I learned a new word recently: Epoché.
It’s from ancient Greek philosophy, and it means suspending judgement – holding off on deciding, affirming or denying, until you actually need to.
This strikes me as a core part of improvisation. We will decide, but not rush to certainty as a comfort blanket.
Two kinds of not deciding
There’s a version of ‘not deciding’ that is pure avoidance. You don’t choose, you drift at the mercy of the tides, even if you call it being open-minded.
Epoché isn’t that.
It’s closer to what good improvisers do on stage and sports stars in the stadium:
- you notice what’s there
- you stay available to what’s emerging
- you delay commitment until it’s useful
You grant yourself time to see what’s developing before you interpret it.
Decision-timing
Epoché is the skill of staying with not-knowing long enough to make a better move. It’s a practical embrace of uncertainty.
When we’re under pressure, we often do the opposite. We decide early, not because the time is ripe, but because uncertainty feels unbearable, and the early decision gives quick relief:
- A label (‘This is a motivation problem’)
- A plan (‘We’ll roll out a new process’)
- A story (‘They’re resisting change’)
And once we’ve chosen, we start defending it. We stop noticing and narrow the field.
In improv terms, we commit to the first offer as if it’s the only offer, and now the scene is perhaps too tightly constrained.
What works better
Epoché gives you a middle space: I’m not deciding yet – and I’m not drifting either.
It’s an active, engaged practice of:
- Observing
- Testing
- Keeping multiple hypotheses alive
- Collecting the next piece of information that improves your options
Here are a few practical ways to use epoché – in a meeting, in a decision or in a difficult conversation.
- Be aware what you’re not deciding yet
- Bracket the tempting explanation
- Replace ‘What should we do?’ with ‘What do we need to notice?’

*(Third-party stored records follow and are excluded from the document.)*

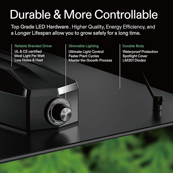 • Sunlike Full-Spectrum Light: 2 x VS2000 full-spectrum LED grow lights provides the power needed by your plants at all growth stages and maximum PAR output at various distances, supporting the photosynthesis of your plants in an efficient way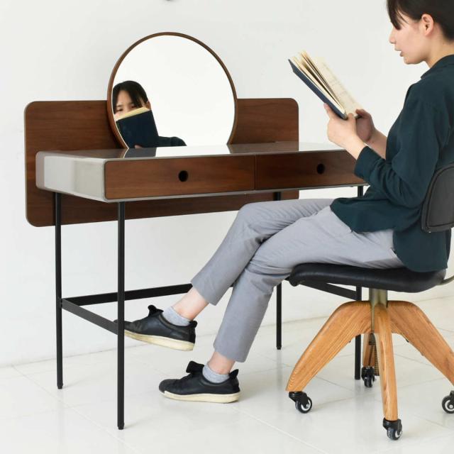 ドレッサー コンパクト デスク 引き出し 木目 配線穴 幅106cm ( 化粧台 メイク台 机 鏡台 おしゃれ 天板 くすみカラー 丸 ミラー 鏡 取り外し可能 ウォールナット スチール脚 レトロ モダン 北欧風 )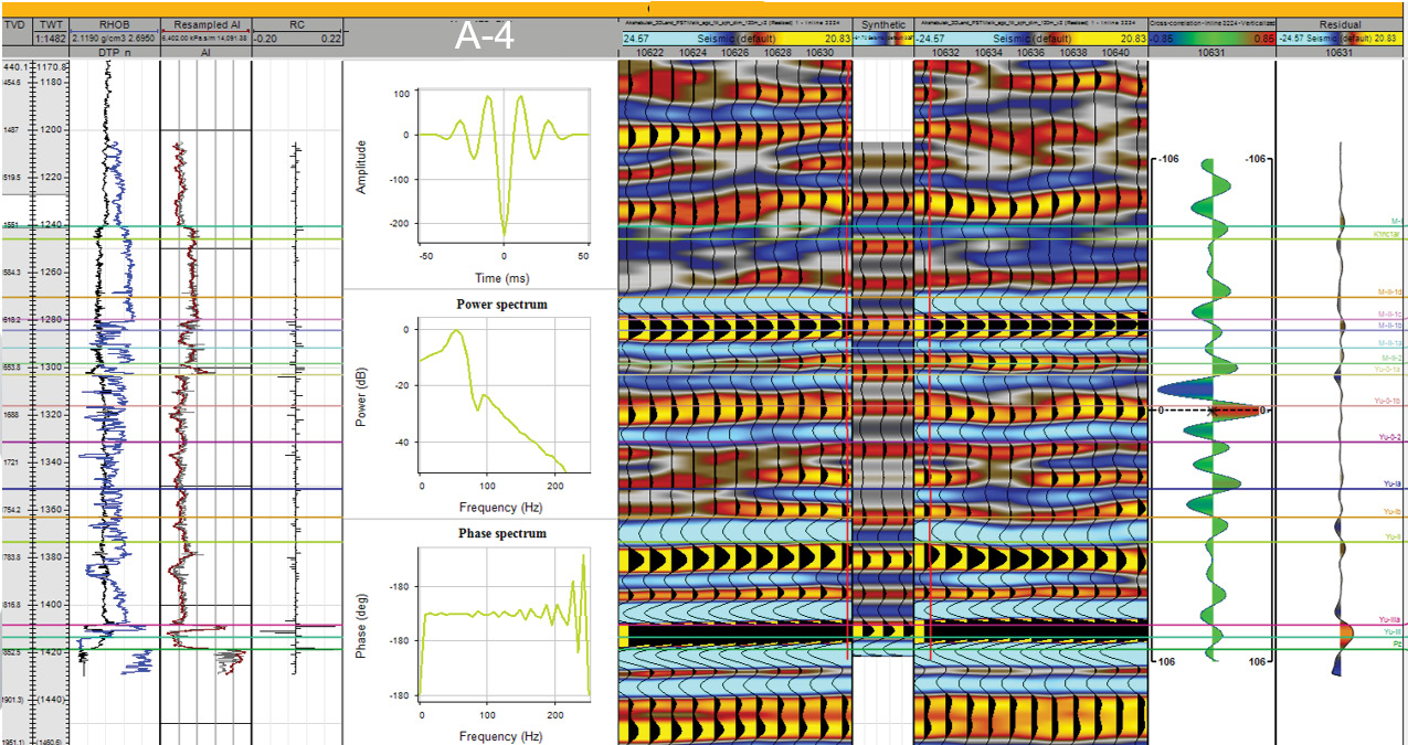 Рисунок 5. Привязка скв. А-4 к полнократному сейсмическому кубу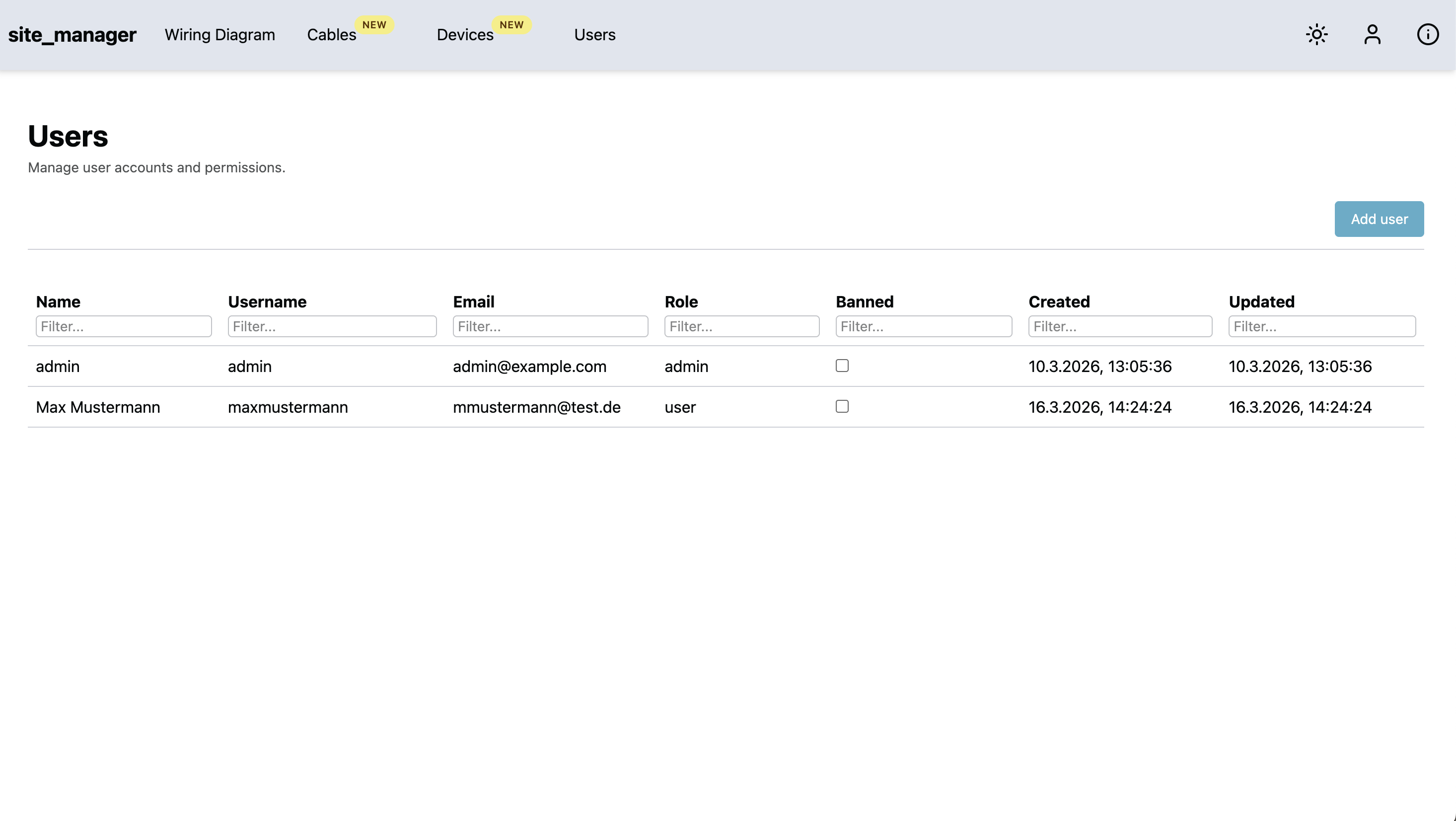 Users Note This page is only accessible to admin users! On the users page you see a list of all users of the system as well as their role. You can add new users and ban existing users.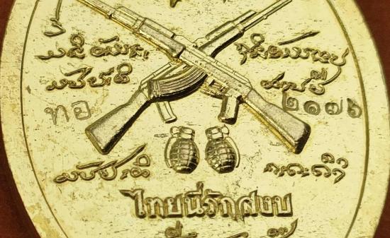 เหรียญพหูรมาน รุ่น"หนุมานแผลงฤทธิ์พิทักษ์ไทย" รุ่น3ของหลวงปู่ศิลา ในการอธิฐานจิตปลุกเสก ออกวัดดอนสาย รก.ที่12แจกแก่เหล่าทหาร เนื้อทองโบราณบ้านเชียง ตอก"ทอ"(สร้าง9,999เหรียญ) หมายเลข ๒๑๗๖ พร้อมกล่อง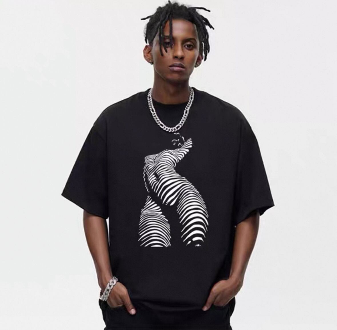 洗練されたデザインと高い機能性を兼ね備えたこのTシャツは、カジュアルな日常からスタイリッシュなシーンまで幅広くご利用いただけるアイテムです。 印象的なカーブデザインが特徴で、どんなコーディネートにも個性的な魅力を加えています。 軽やかな素材を使用しており、快適な着心地が実現され、これからの季節にもぴったりな一着となっています。 ユニークなデザインがあなたの個性を引き立てる楽しさを提供します!さまざまなスタイルに合わせやすく、普段使いからスポーツシーンまで幅広く活躍します。 【カラー】ブラック 【サイズ展開】M / L / XL / 2XL / 3XL 【素材】コットン・ポリエステル混紡 【購入に際してのご注意】 - サイズにご注意ください。 - 発送には3週間〜1ヶ月程度お時間をいただいております。 - 返品交換はできかねますので、予めご了承ください。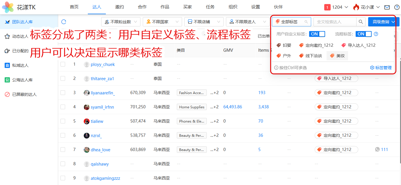 新版本将达人的标签分为两类,分别是:用户自定义标签、流程标签,当标签过多时,用户可以选择是否显示某一类标签: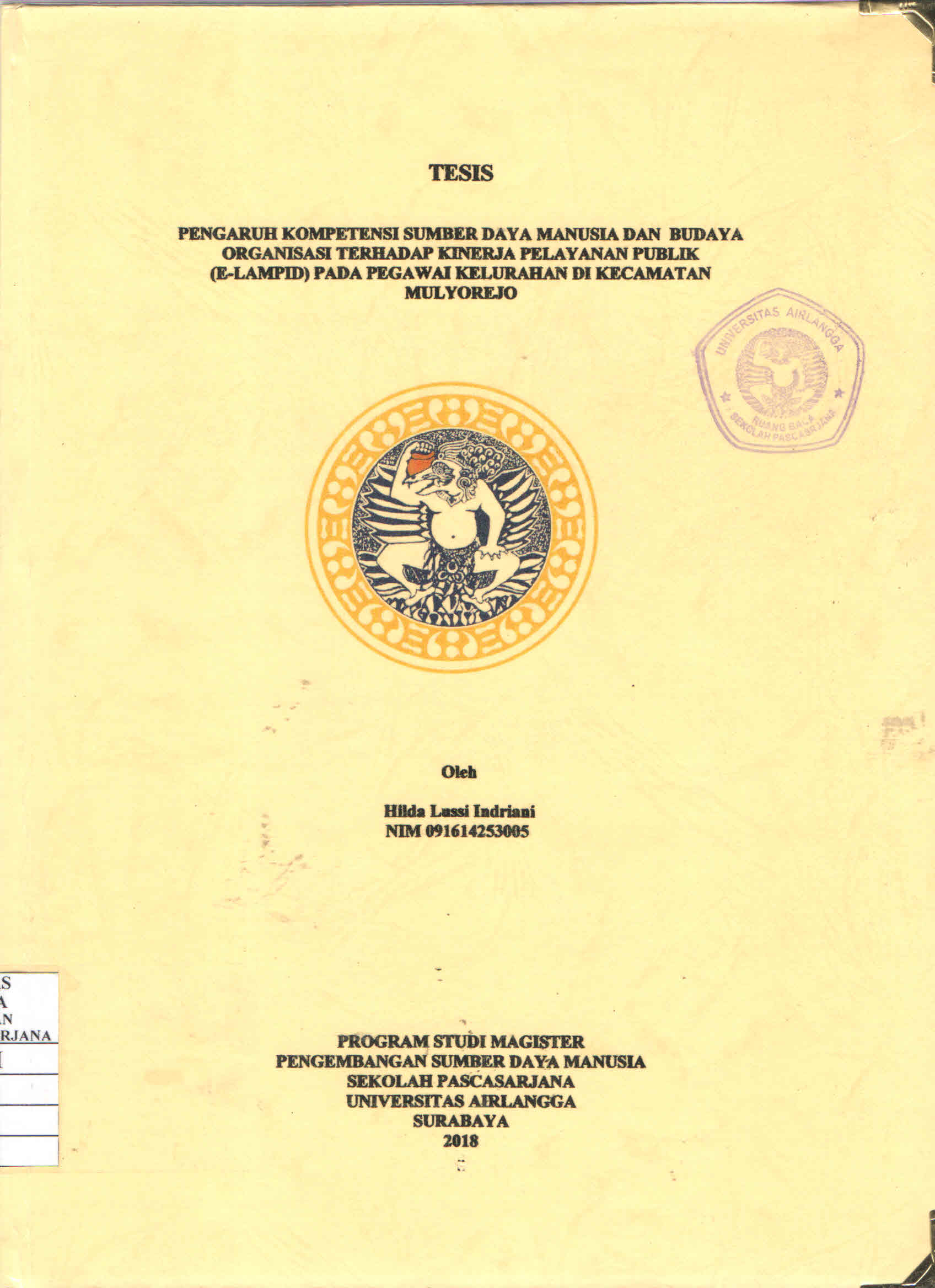 | Judul | Pengaruh Kompetensi Sumber Daya Manusia dan Budaya Organisasi Terhadap Kinerja Pelayanan Publik (E-LAMPID) pada Pegawai Kelurahan di Kecamatan Mulyorejo / Hilda Lussi Indriani |

- Make a small, reversible move
Epoché doesn’t mean inactivity. It means low-stakes action while the picture forms. Think:
- A pilot
- A test conversation
- A prototype
- A short time-boxed experiment
Choose a decision point You can still re-assure yourself with a boundary:
- ‘We’ll gather data until Friday, then decide.’
- ‘We’ll decide once we’ve heard from the two people closest to the problem.’ Improvisation trains us to stay composed when we don’t yet know where the scene is going. And It’s surprisingly calming, because it replaces ‘I must know now’ with ‘I can proceed with uncertainty’.
This week, notice where you’re tempted to decide too soon. Pause. Stay with uncertainty and emergence a little longer. Let the next piece of information arrive. Then decide not from urgency, but from awareness.